Никто не ожидал от Чуйкова стойкости больше, чем крестные отцы плана «Уран». От собственно планирования они перешли к стадии дислокации, размещения сил. Определились направления ударов. С севера — в направлении к юго-западу от Серафимовича. С юга — в район к юго-западу от рек Кривой и Чира. Цель северян (Юго-Западный фронт) — уничтожить третью румынскую армию и вырваться к Калачу. Главное: на третий день наступления сомкнуться с войсками Сталинградского фронта у поселка Советский. Задача Сталинградского фронта — атаковать со стороны озера Сарпа, уничтожить 6-й румынский корпус и повернуть на северо-запад (Советский), где сомкнуться с братьями по оружию (Юго-Западный фронт). А затем, наконец, поспешить на спасение Сталинграда. Донскому фронту предназначалось двинуться вперед из станиц Клетская и Калашинская в общем направлении на хутор Вертячий, чтобы окружить и уничтожить противника в излучине Дона. Затем найти взаимодействие с Юго-Западным фронтом для окончательного окружения всей сталинградской группировки. Юго-Западному фронту предписывалось пройти в течение трех дней более 100 километров; Сталинградскому фронту — более 80 километров за два дня; в тылу противника следовало блокировать его линии снабжения по реке Чир и др. Согласно плану «Уран», основная тяжесть падала на Юго-Западный фронт, именно он должен был, в основном, окружить вражескую группировку между Волгой и Доном.

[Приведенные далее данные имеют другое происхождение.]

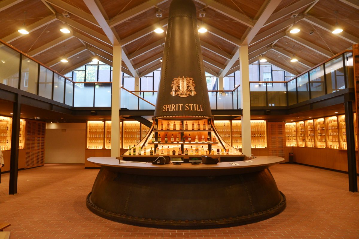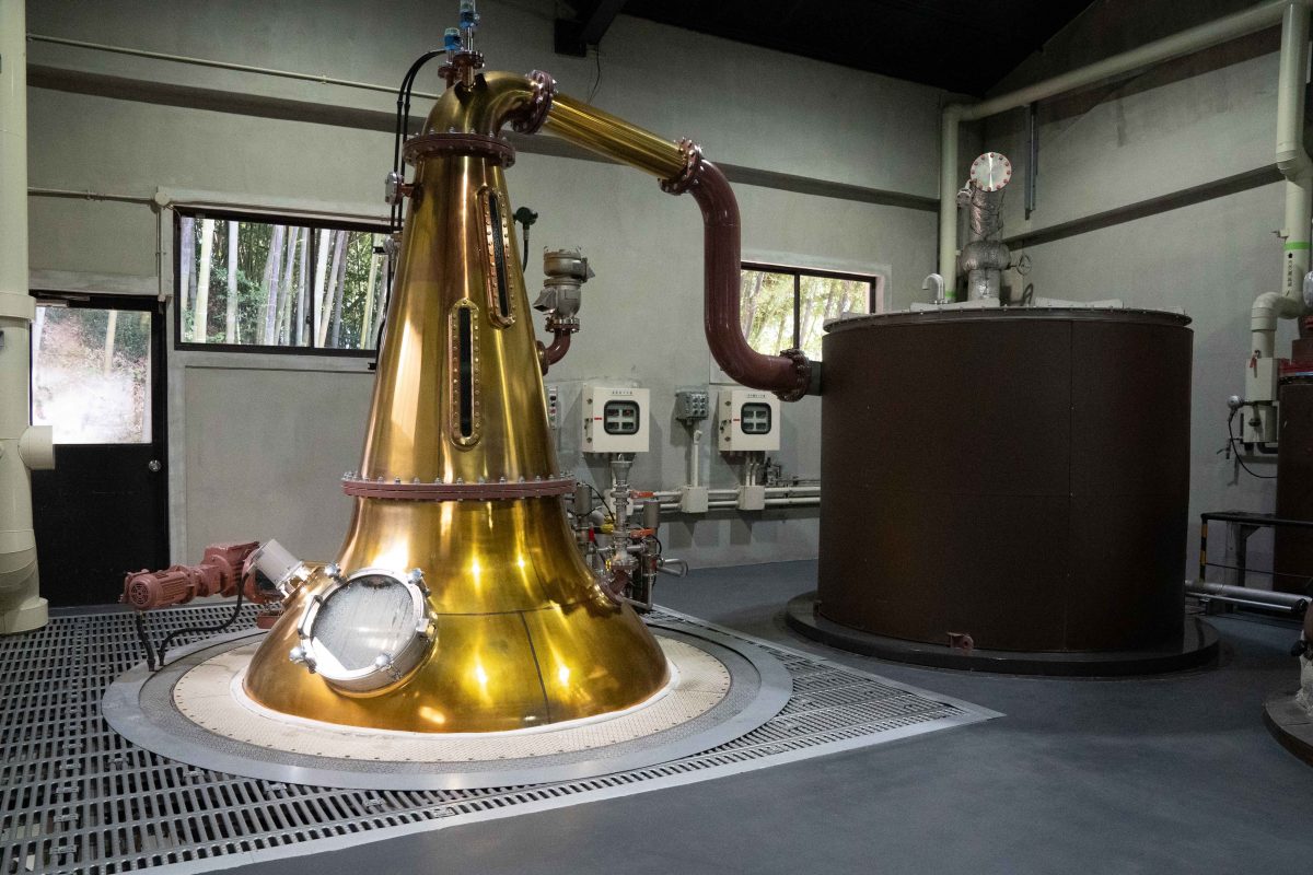 加えて、館内のテイスティングラウンジも改修されました。こちらはかつて同蒸溜所で稼働していたポットスチルを再利用したバーカウンター、原酒ボトルに向き合うスタンドテーブル、窓の外に広がる「杜」を眺めるローチェアなどを設置。いっそう贅沢な空間にリニューアルされました。

Вермахт становится слабеющей стороной, трезвое восприятие событий требовало этого признания. Германская армия еще отдает дань привычке методических усилий, но их смысл становится все более туманным. Возможно, при господстве здравого смысла стоило бы подумать об уходе из негостеприимных краев. Зима на Чире или даже Миусе, возможно, сохранила бы динамику сил вторжения. В этот момент германский военный талант должен был бы признать, что Советский Союз не показывает ощутимых и растущих признаков слабости по мере хода Сталинградской битвы и, если уж очень хотелось верить, что «дело решит последний батальон», то этот батальон — как становилось все яснее, не обязательно будет немецким. Но нацистский режим держался не на национальном здравом смысле, а на пафосе всемогущества. Отказаться от доктрины расового превосходства вожди Третьего рейха не могли, это было бы их политическим самоубийством. Но еще более самоубийственным было славословить и надеяться на победу там, где потеря контроля и перенапряжение создавали вакуум, который обороняющаяся сторона не преминула заполнить.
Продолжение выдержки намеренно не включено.